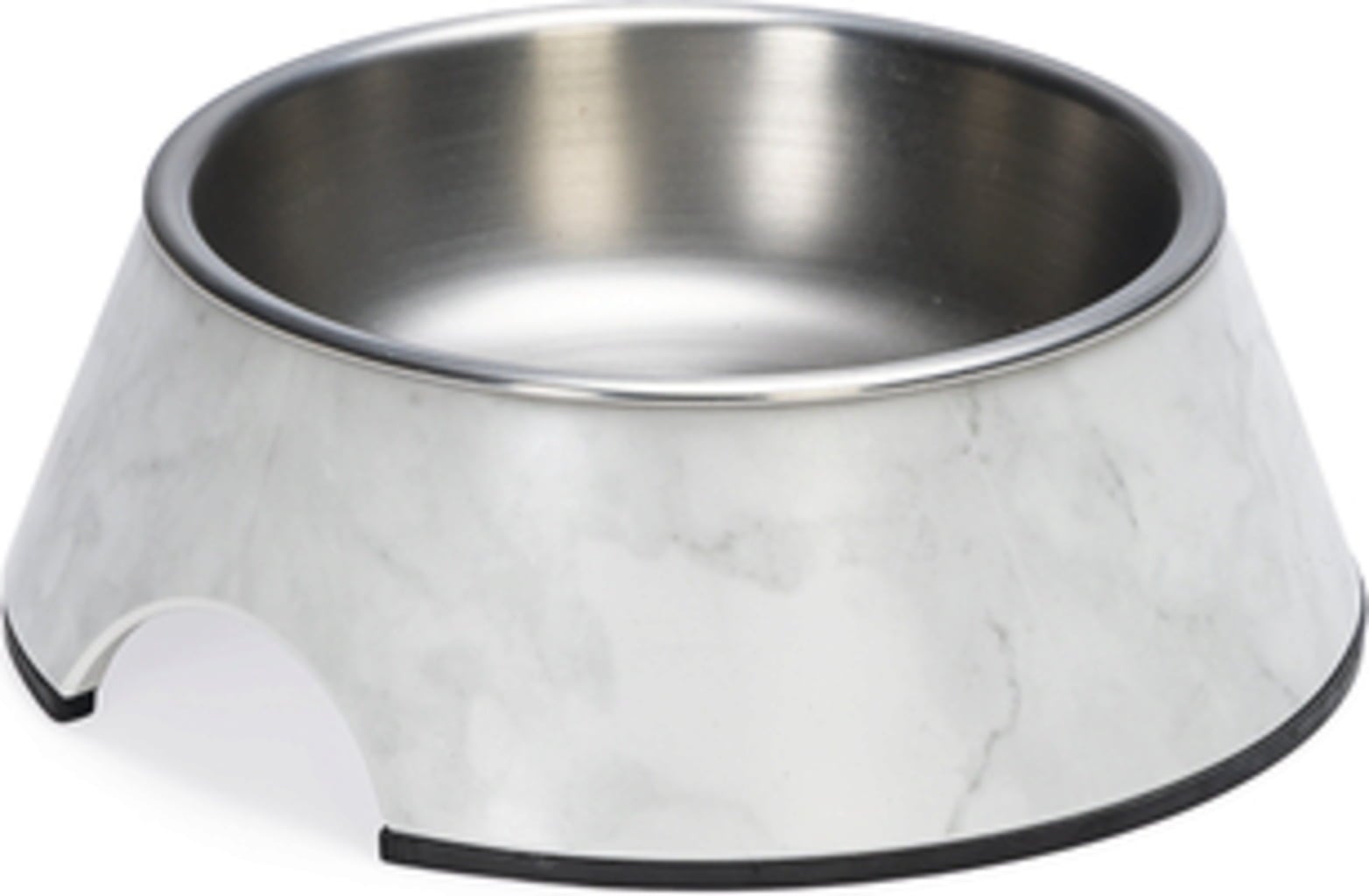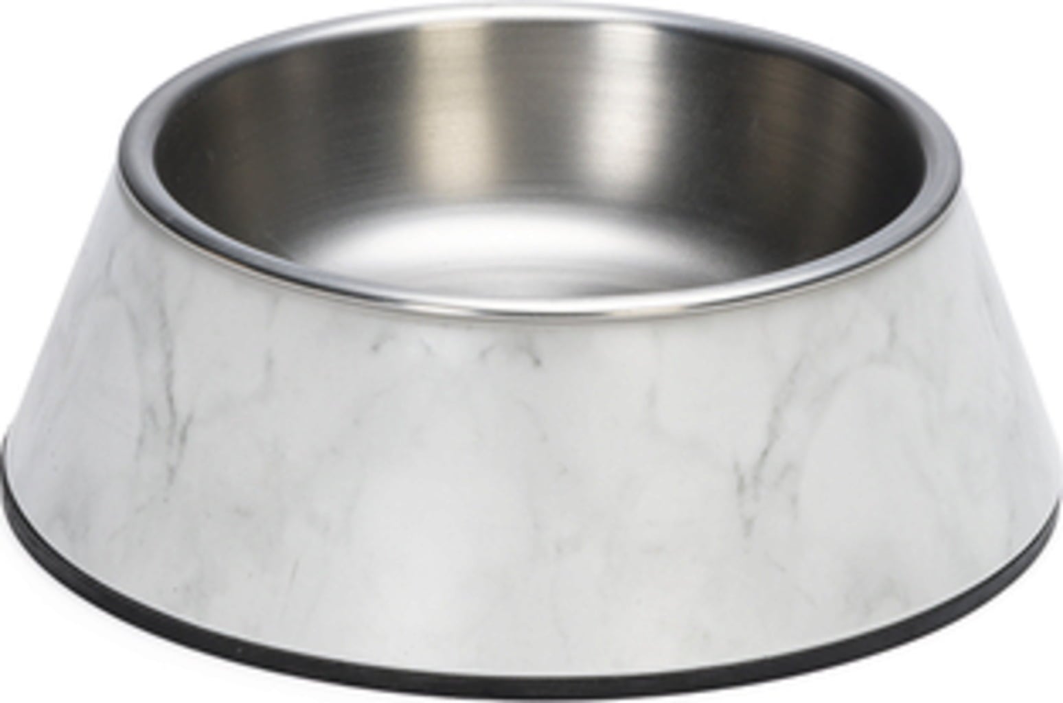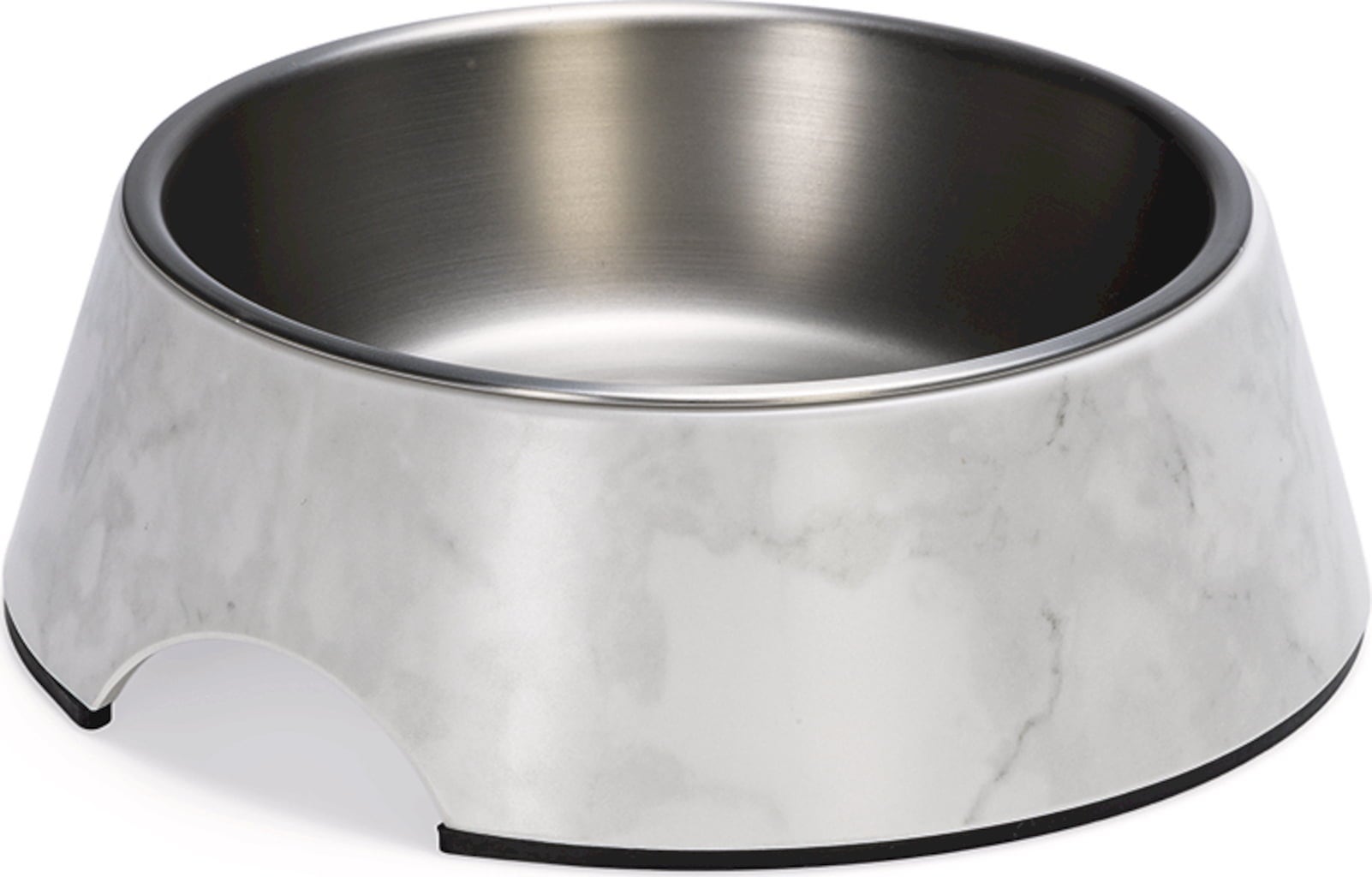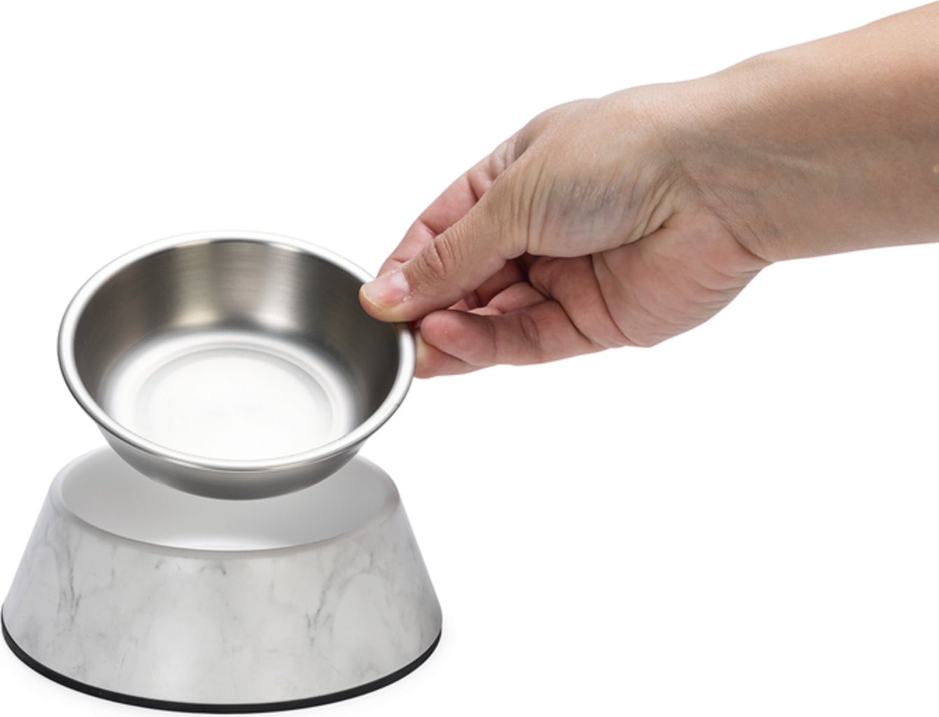 This stylish dog bowl impresses with its luxurious marble-look and is a true eye-catcher in any stylish dog household. The removable inner bowl made of matte stainless steel not only looks elegant but is also practical and hygienic. The non-slip coating on the base prevents slipping, ensuring the bowl remains in its rightful place.
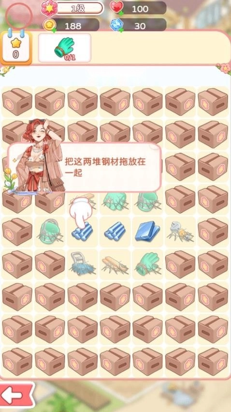 消除的时候你需将周围的纸箱触发获得相应物品,同时可开始再次合并。
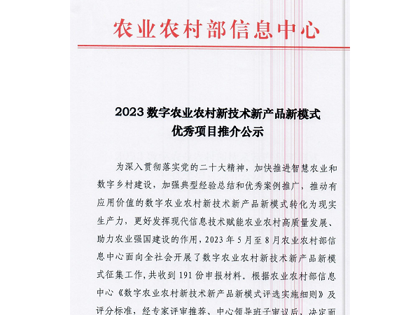 科芯“AIPA”获2023数字农业农村新技术新产品新模式优秀项目
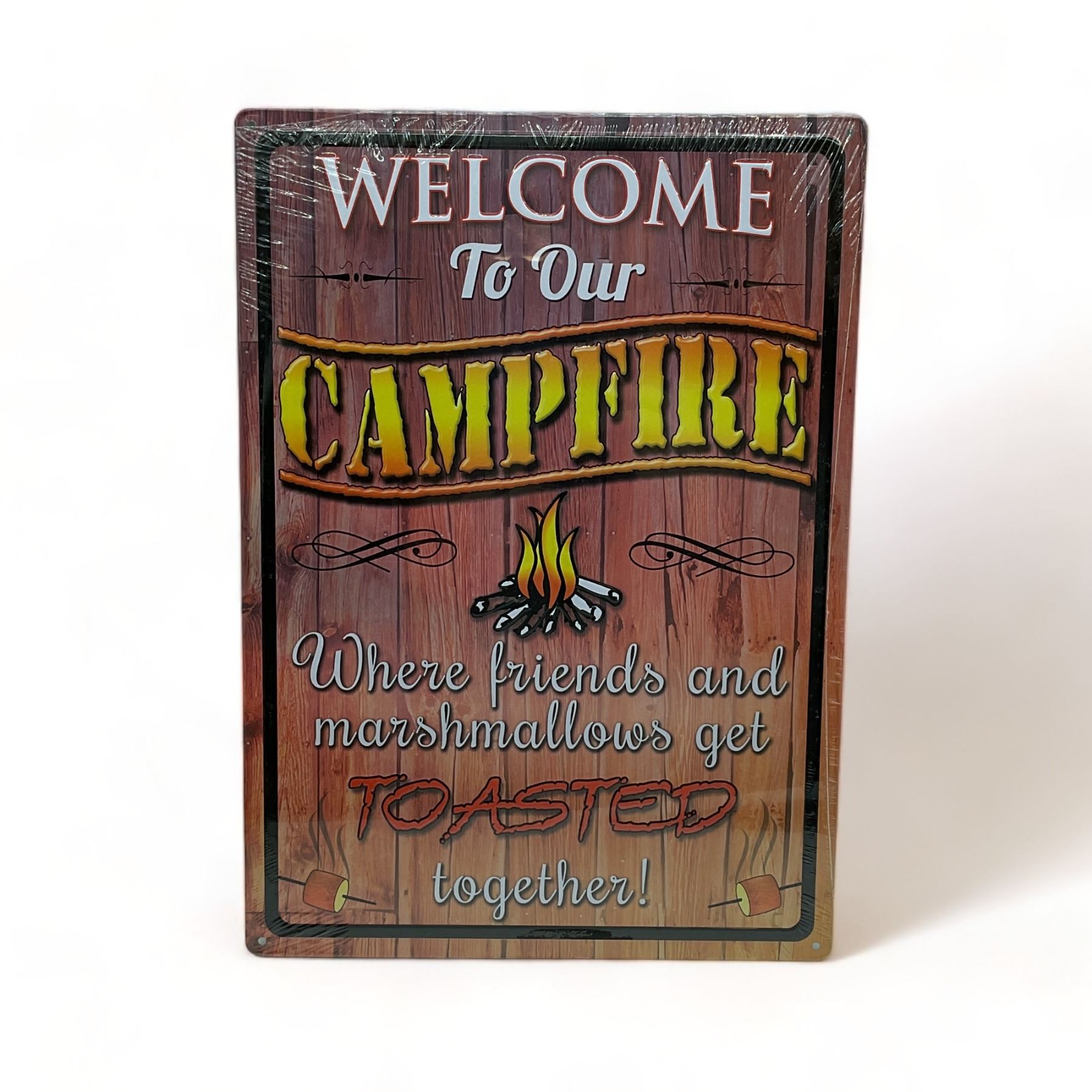River's Edge 'Welcome to Our Campfire' 17" x 12" Metal Sign, New
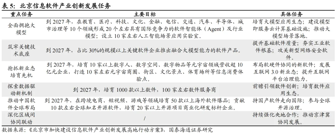 北京:以技术研发优势牵引高端产业发展。2017年12月,北京提出十个高精尖产业领域;2021年8月,进一步提出构建“2441”高精尖产业新体系。信息传输、软件和信息技术服务业已成为北京首要支柱产业。北京“十五五”规划建议将集成电路产业列为要发展的战略性新兴产业之首。2023年9月,北京进一步细化“2441”高精尖产业新体系中未来前沿产业的重点发展方向,并正加速发力未来空间产业。
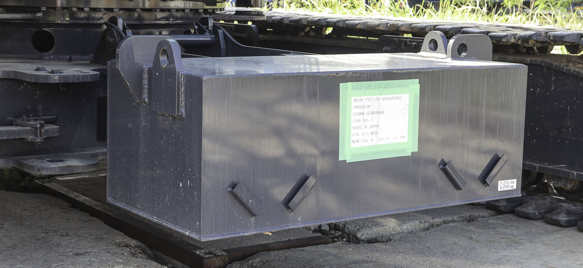 The superstructure is fitted with a five-part counterweight, with a total weight of 27.2 tons. The ballast has a turning circle of 4.3 meters.
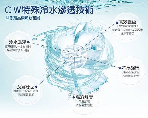 CW是特殊冷水滲透技術,突破冷水洗淨科技,
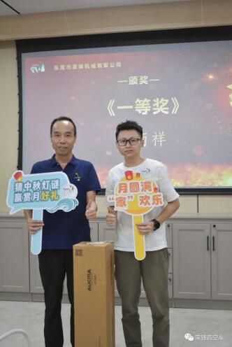 為宣導家鋒的企業文化,增強員工歸屬感,體現公司人性化關懷,公司組織了中秋線上猜燈謎的活動。本次活動氣氛熱烈,各部門同事積極參與,共有一百多名員工參賽;公司總部于9月8日舉辦了頒獎儀式,現場出席的嘉賓有總經理譚忠先生、副總經理秦文先生、各部門代表以及線上的外區同事們。

◆ Exercise prompt
Please retype the whole listing above word for word and drop the pictures.

◆ Exercise result
 This stylish dog bowl impresses with its luxurious marble-look and is a true eye-catcher in any stylish dog household. The removable inner bowl made of matte stainless steel not only looks elegant but is also practical and hygienic. The non-slip coating on the base prevents slipping, ensuring the bowl remains in its rightful place.
 消除的时候你需将周围的纸箱触发获得相应物品,同时可开始再次合并。
 科芯“AIPA”获2023数字农业农村新技术新产品新模式优秀项目
River's Edge 'Welcome to Our Campfire' 17" x 12" Metal Sign, New
 北京:以技术研发优势牵引高端产业发展。2017年12月,北京提出十个高精尖产业领域;2021年8月,进一步提出构建“2441”高精尖产业新体系。信息传输、软件和信息技术服务业已成为北京首要支柱产业。北京“十五五”规划建议将集成电路产业列为要发展的战略性新兴产业之首。2023年9月,北京进一步细化“2441”高精尖产业新体系中未来前沿产业的重点发展方向,并正加速发力未来空间产业。
 The superstructure is fitted with a five-part counterweight, with a total weight of 27.2 tons. The ballast has a turning circle of 4.3 meters.
 CW是特殊冷水滲透技術,突破冷水洗淨科技,
 為宣導家鋒的企業文化,增強員工歸屬感,體現公司人性化關懷,公司組織了中秋線上猜燈謎的活動。本次活動氣氛熱烈,各部門同事積極參與,共有一百多名員工參賽;公司總部于9月8日舉辦了頒獎儀式,現場出席的嘉賓有總經理譚忠先生、副總經理秦文先生、各部門代表以及線上的外區同事們。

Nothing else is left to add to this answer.